__Exercise prompt__: Taking the entries below, transcribe only the lines starting with the one with "Vintage 90s dress" and going on through the one with "l对于竞赛类课(即C类,不能", exactly as written, without the pictures.

Entries taken from a collection:
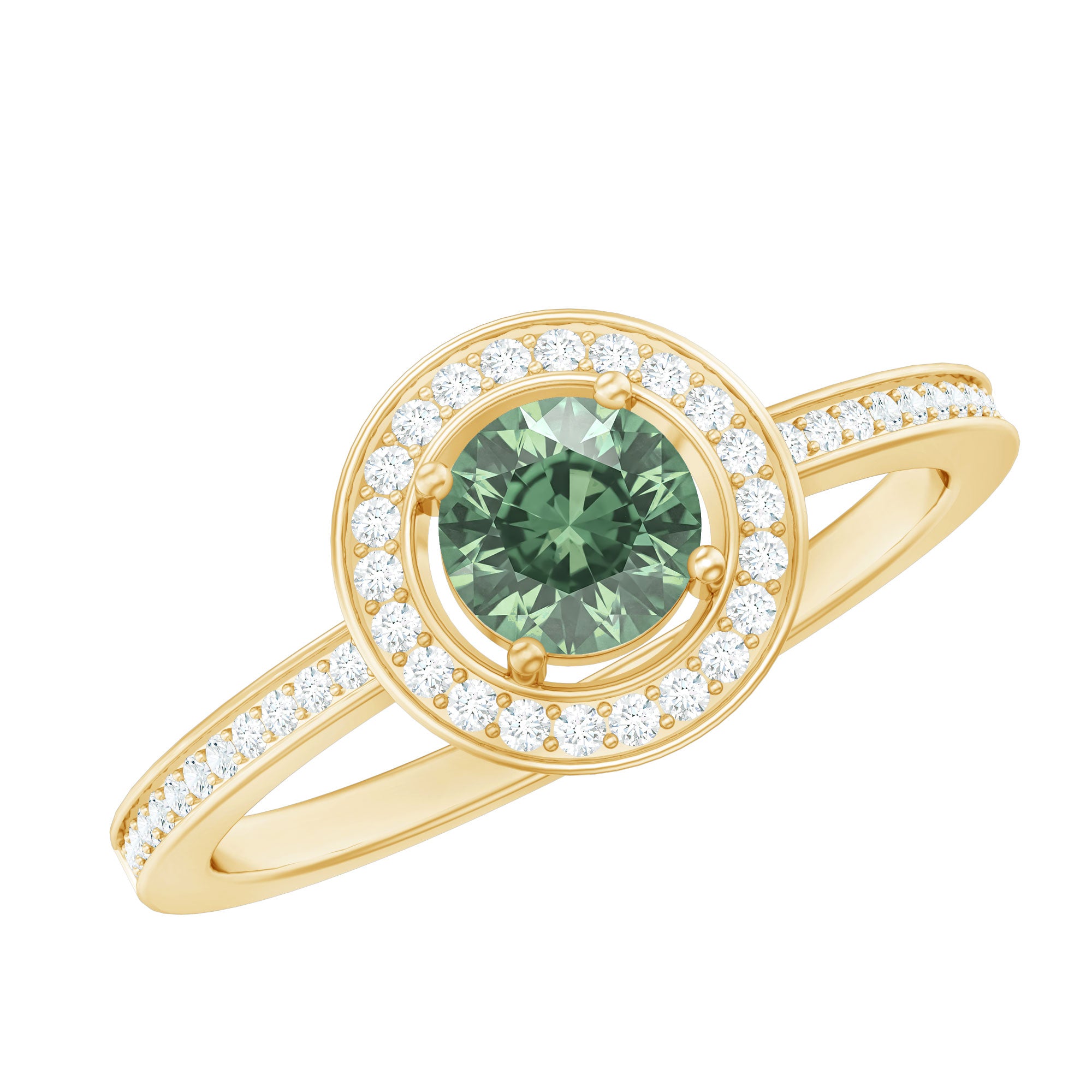 Experience the enchanting beauty of this Halo Engagement Ring. The stunning round green sapphire is embraced by a radiant Diamond floating halo, creating a captivating and ethereal allure. This ring is a true symbol of everlasting love and sophistication.
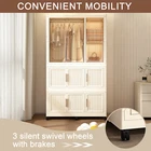 Specification Product Information Item Code: W2699P253195 Product Type: General Item Product Name: Portable Wardrobe Closet Storage Organizer for Clothes,Clothes Dresser,9 Magnetic Doors-9 Cubes & 1 Hanging Rod,6 pcs hangers , Baby Wardrobe Storage Cabinet,White Place of Origin: China Main Color: Cream White Main Material: Polypropylene Filler: Polypropylene Product Style: American Design,Luxury,Modern Use Case: Primary Living Space Product Dimensions Assembled Length (in.): 36.22 Assembled Width (in.): 17.72 Assembled Height (in.): 62.20 Weight (lbs.): 35.49 Package Size Length (in.): 36.81 Width (in.): 18.11 Height (in.): 15.75 Weight (lbs.): 39.00 Product Features 【LARGE STORAGE CAPACITY】Wardrobe expanded size:36.22"*17.72"*62.2". Wardrobe closet has 2 cubes sections,higher large cube armoire wardrobe closet has studry hanging rods which can hang skirt,8 small cubes can storage clothes,quilts,toys,books,blankets,sheets,baby items,etc.Classification storage design makes you easier to take clothes. 【SAFE MATERIAL】Quality you can trust! Our heavy-duty closet wardrobe is made of high-quality PP and ABS materials, guaranteeing durability and reliability. It is more reliable than fabric closets and more cost-effective than wooden ones. Each compartment can hold up to 50 lbs, with the top supporting up to 145 lbs. 【MAGNET DOORS WITH FLEXIBLE ARRANGEMENT】Keep your clothes protected! Each door of our portable closet is equipped with magnets, ensuring a secure closure and keeping your clothes safe. The connection buckles lock two doors together, allowing you to conveniently open a single line of doors for easy access. 【QUICK ASSEMBLY】Skip the complicated steps! With our portable closet, simply straighten the frame and fix the doors up for a fast and easy setup. No more hassle with assembling. And the foldable design is very convenient for renters, students, temporary residents, travelers and organization enthusiasts who often move. 【VARIOUS DISPLAY OPTIONS 】 Our wardrobe offers various installation and display options, allowing you to customize it according to your preferences for a more aesthetically pleasing and enduring look. Description
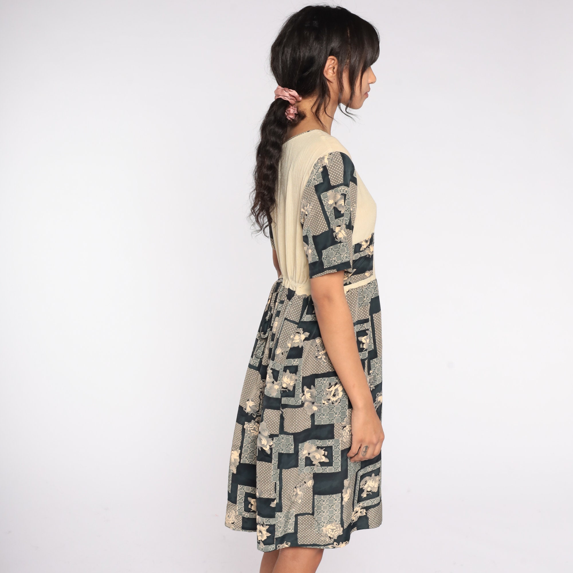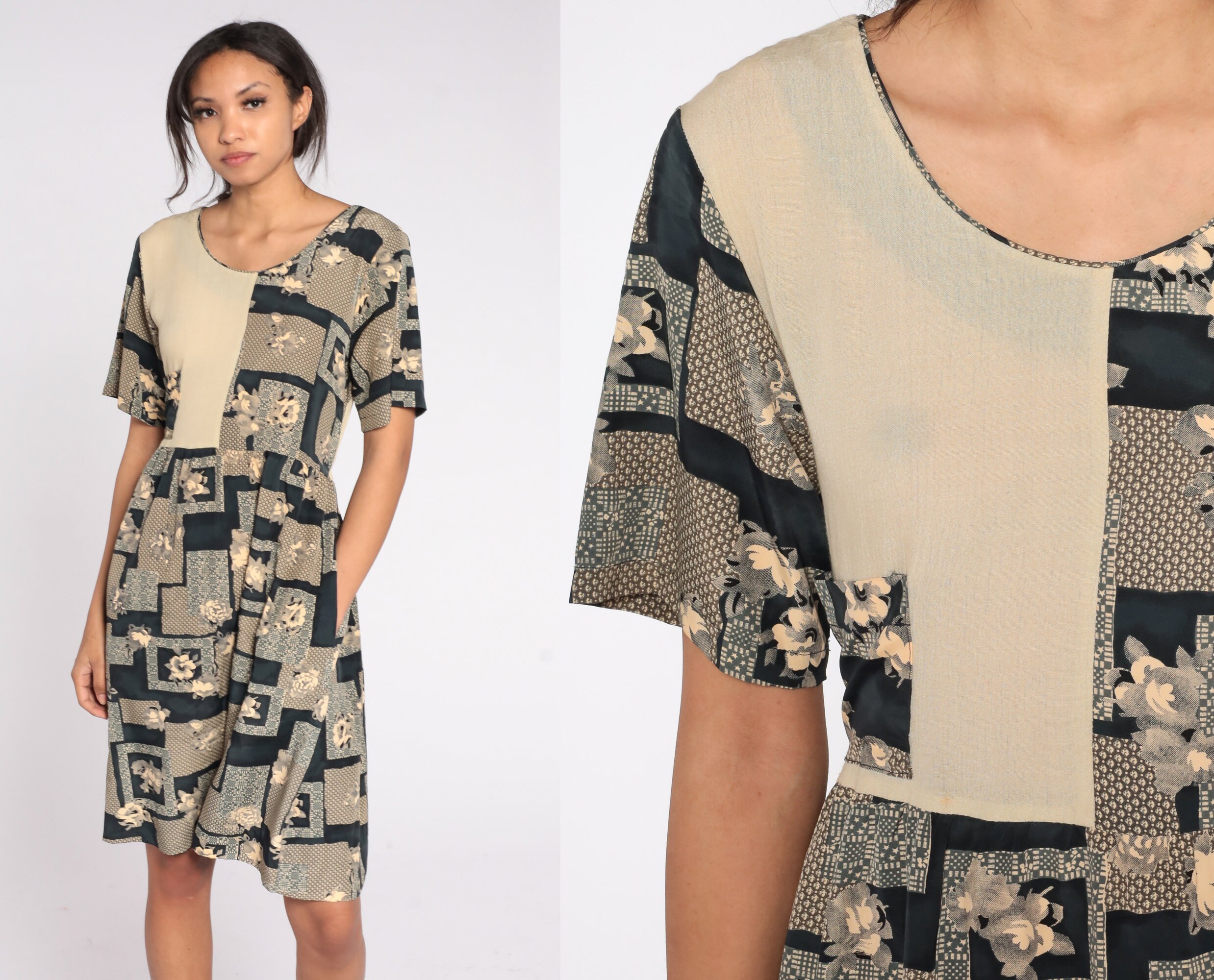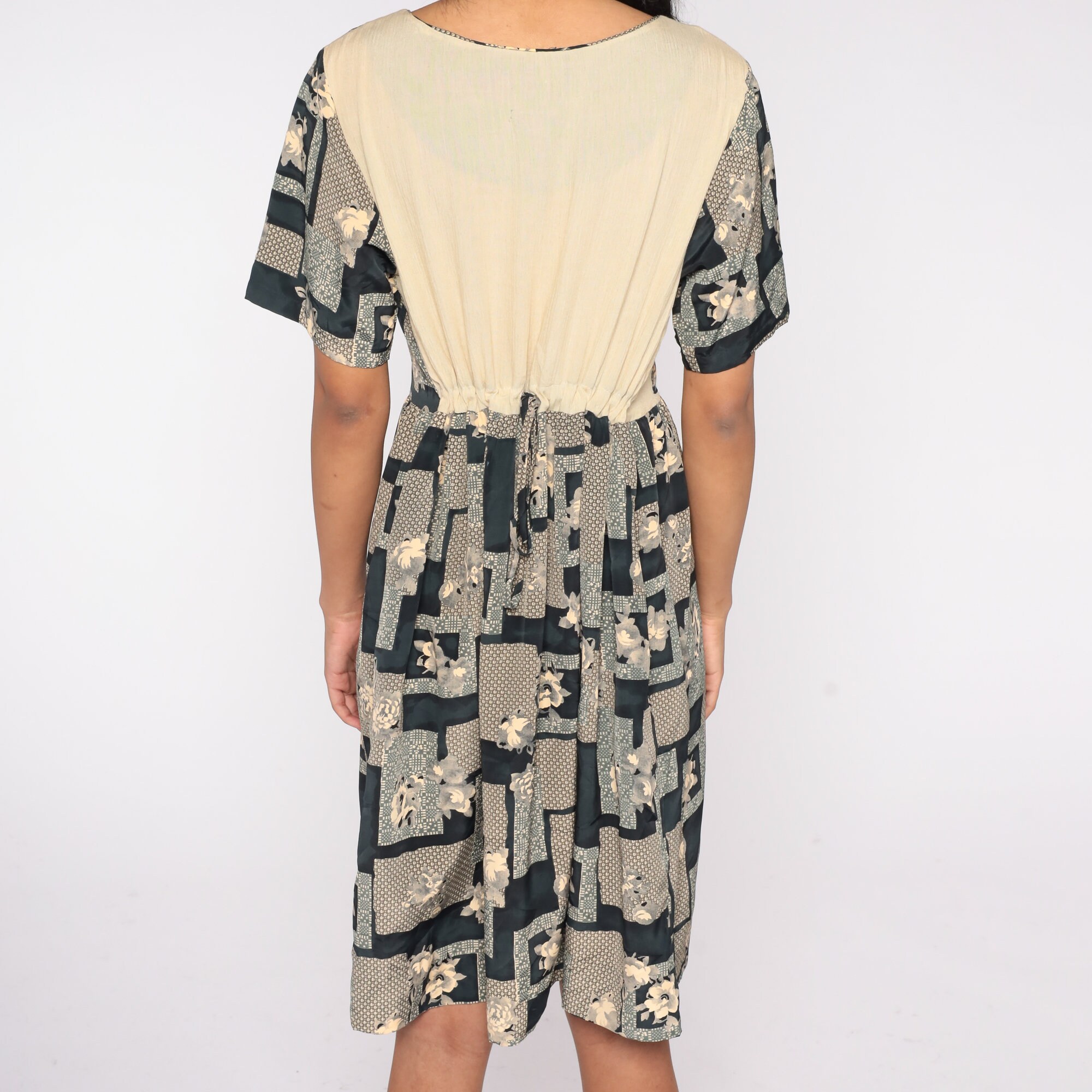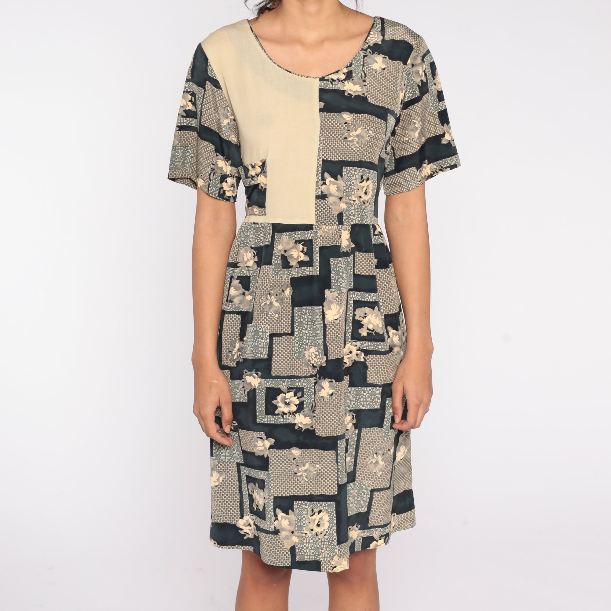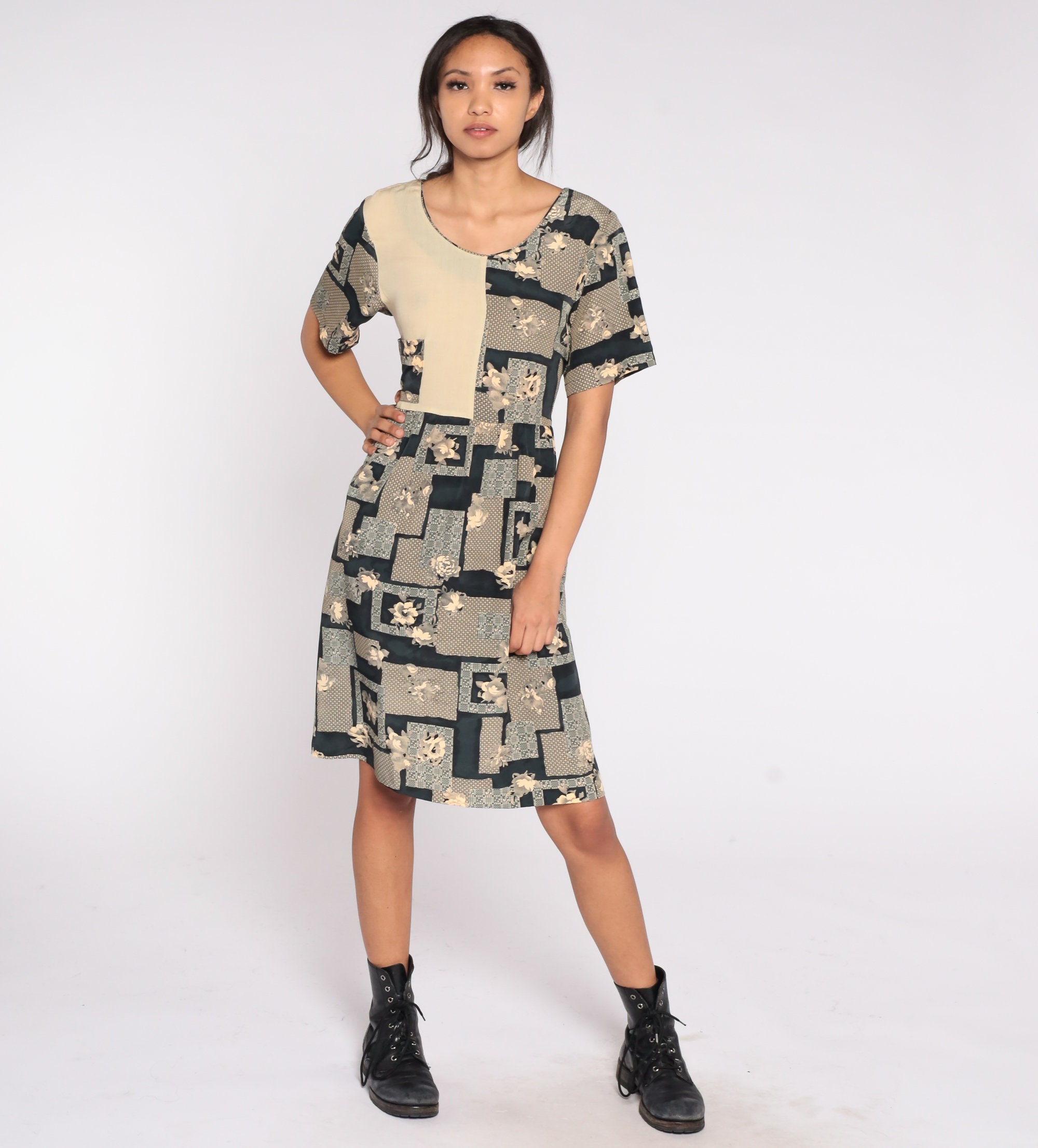 Vintage 90s dress in a geometric floral print with a high waist and short sleeves.
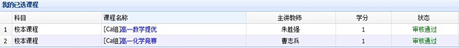 l对于竞赛类课(即C类,不能自选的课),学生不能自己选课,由老师提交名至网站。竞赛也算一门选修课程,若有两门竞赛课程则无需再选择选修课,只有一门竞赛课程的同学需再选择一门与竞赛课程不相冲突的选修课程。
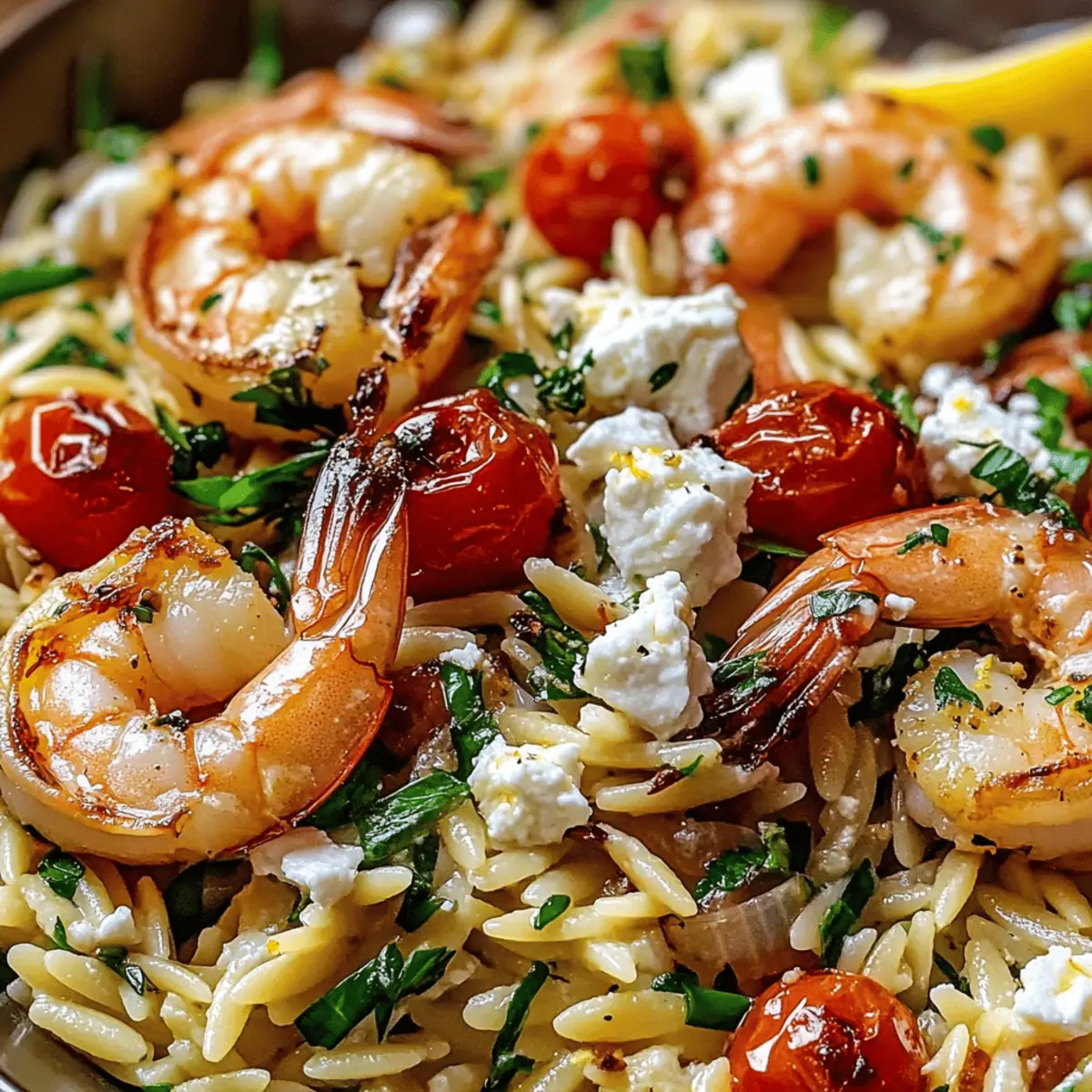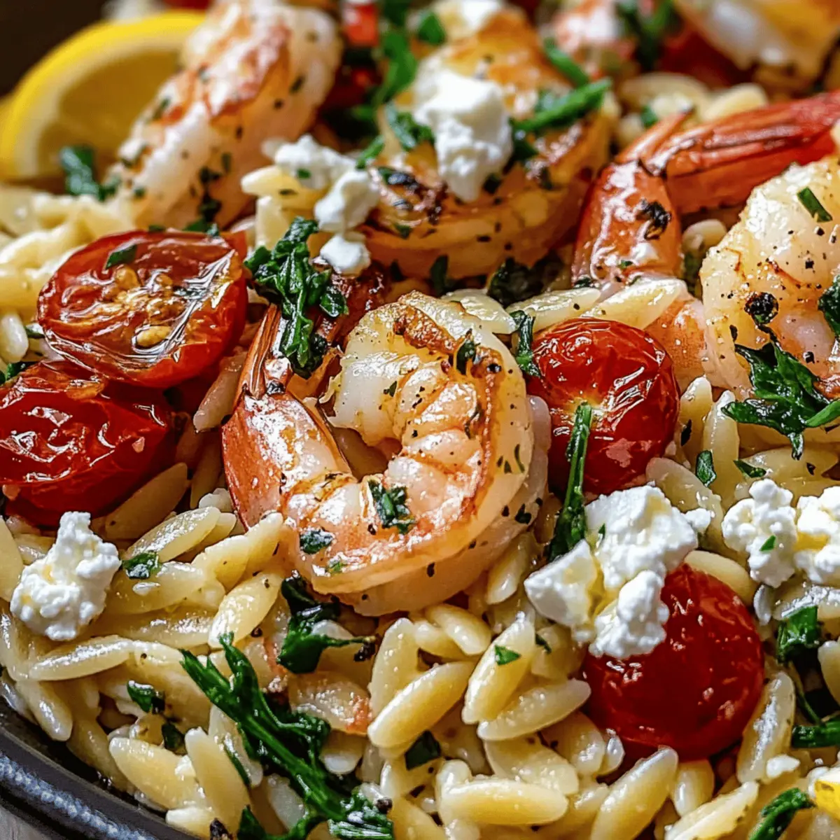 Jump to Recipe Print RecipeSummer evenings call for meals that are as refreshing as they are satisfying, and that’s exactly what this Lemon Feta Orzo with Roasted Shrimp delivers. Imagine tender orzo, perfectly complemented by succulent shrimp and tangy feta, all brought to life with a zesty lemon dressing—what a feast for the senses! This Mediterranean-inspired dish is not only a breeze to whip up in under 35 minutes, but it also offers the flexibility to swap shrimp for grilled chicken or tofu, accommodating various dietary needs. Plus, it shines whether served warm or at room temperature, making it the ultimate choice for picnics and gatherings! Intrigued about how to create this delightful dish? Let’s dive in! Why is Lemon Feta Orzo the Best? Simplicity at its best: This recipe comes together in under 35 minutes, making it perfect for busy weeknights. Irresistible flavors: The combination of tangy lemon, creamy feta, and savory shrimp creates a taste explosion that will have everyone asking for seconds. Versatile options: Easily swap in proteins like grilled chicken or tofu, accommodating various dietary preferences without sacrificing flavor. Perfect for gatherings: Served warm or at room temperature, it’s a crowd-pleaser at picnics or potlucks—pair it with Roasted Parmesan Green Beans for a complete meal! Nutritionally balanced: With high protein content and plenty of veggies, this dish is both light and satisfying. Enjoy it guilt-free, knowing you’re nourishing your body with wholesome ingredients! Lemon Feta Orzo Roasted Shrimp Ingredients • Dive into the fresh and vibrant flavors with these essential Lemon Feta Orzo Roasted Shrimp ingredients! For the Shrimp Large Shrimp – Succulent and quick-cooking; a perfect protein choice for this dish. Substitution: Grilled chicken or marinated tofu also work wonderfully here. Olive Oil – Richness and moisture for the shrimp; adds a lovely depth of flavor. Note: Opt for extra-virgin for the best taste. Kosher Salt & Black Pepper – Simple seasonings that enhance every ingredient. Note: Adjust quantities based on your taste preferences. Dried Oregano – Brings a warm, herbal touch that’s quintessential in Mediterranean cooking. Smoked Paprika – Imparts a delightful smoky undertone. Omit if you prefer less heat. Lemon Zest & Juice – Brightens the dish with zesty goodness. Tip: Fresh lemon ensures vibrant flavor throughout. For the Orzo Orzo Pasta – Forms the hearty base of the dish, soaking up all the wonderful flavors. Substitution: Try gluten-free orzo or other small pasta shapes if needed. Garlic – Aromatic and flavorful; enhances the dish beautifully. Preparation: Finely grate for even distribution. For the Vegetables and Herbs Cherry Tomatoes – Adds sweetness and vibrant color; halving them helps integrate them better. Baby Spinach – Offers freshness and a pop of green; wilts perfectly when mixed with warm ingredients. Fresh Parsley & Dill – Bright, fresh herbs that elevate the dish; feel free to substitute with basil or mint if preferred. For the Creaminess Feta Cheese – Creamy and tangy, it’s a key component that ties everything together. Substitution: Soft goat cheese can be used for a milder flavor. Capers – Optional, for a briny bite that adds depth and complexity. With this array of ingredients, you’re all set to create a memorable Lemon Feta Orzo with Roasted Shrimp dish that delights the senses! Step‑by‑Step Instructions for Lemon Feta Orzo Roasted Shrimp Step 1: Prepare the Shrimp Preheat your oven to 425°F (220°C) and line a baking sheet with parchment paper for easy cleanup. In a mixing bowl, toss the large shrimp with olive oil, kosher salt, black pepper, dried oregano, smoked paprika, and lemon zest until evenly coated. Spread the shrimp in a single layer on the baking sheet and roast them in the preheated oven for 8-10 minutes, or until they are opaque and slightly curled. Step 2: Cook the Orzo While the shrimp is roasting, bring a large pot of salted water to a boil. Add the orzo pasta, stirring occasionally, and cook according to package instructions until it reaches al dente, usually about 8-10 minutes. Once cooked, drain the orzo through a colander and immediately return it to the pot to keep warm as it will absorb the flavors added next. Step 3: Flavor the Orzo While the orzo is still hot, drizzle in some olive oil and freshly squeezed lemon juice. Add the finely grated garlic and a pinch of crushed red pepper flakes if desired. Stir well to combine, ensuring each piece of orzo is coated in the zesty mixture. This step enhances the orzo and preps it to soak in the delicious flavors from the fresh ingredients to come. Step 4: Add Vegetables Fold in halved cherry tomatoes and baby spinach into the warm orzo mixture. The heat from the orzo will slightly wilt the spinach and warm the tomatoes, intensifying their flavors. Continue to gently mix until the spinach is just wilted, creating a vibrant medley of colors and fresh ingredients that work beautifully with the Lemon Feta Orzo Roasted Shrimp. Step 5: Incorporate Cheese and Capers Next, gently mix in the crumbled feta cheese, allowing it to slightly melt into the warm orzo and vegetables. If you’re including capers for added brininess, fold them in now. This step brings rich creaminess and an irresistible tang to the dish, marrying all the elements together in the Lemon Feta Orzo Roasted Shrimp. Step 6: Finish the Dish Finally, remove the roasted shrimp from the oven and top the orzo mixture with these succulent morsels. Serve the Lemon Feta Orzo Roasted Shrimp warm or at room temperature, garnished with a sprinkle of extra fresh parsley or dill, and add lemon wedges on the side for an extra burst of citrus. Enjoy this vibrant dish that captures the essence of Mediterranean flavors! Storage Tips for Lemon Feta Orzo Roasted Shrimp Fridge: Store leftovers in an airtight container for up to 2 days. The flavors deepen as th

__Expected answer__:
 Vintage 90s dress in a geometric floral print with a high waist and short sleeves.
 l对于竞赛类课(即C类,不能自选的课),学生不能自己选课,由老师提交名至网站。竞赛也算一门选修课程,若有两门竞赛课程则无需再选择选修课,只有一门竞赛课程的同学需再选择一门与竞赛课程不相冲突的选修课程。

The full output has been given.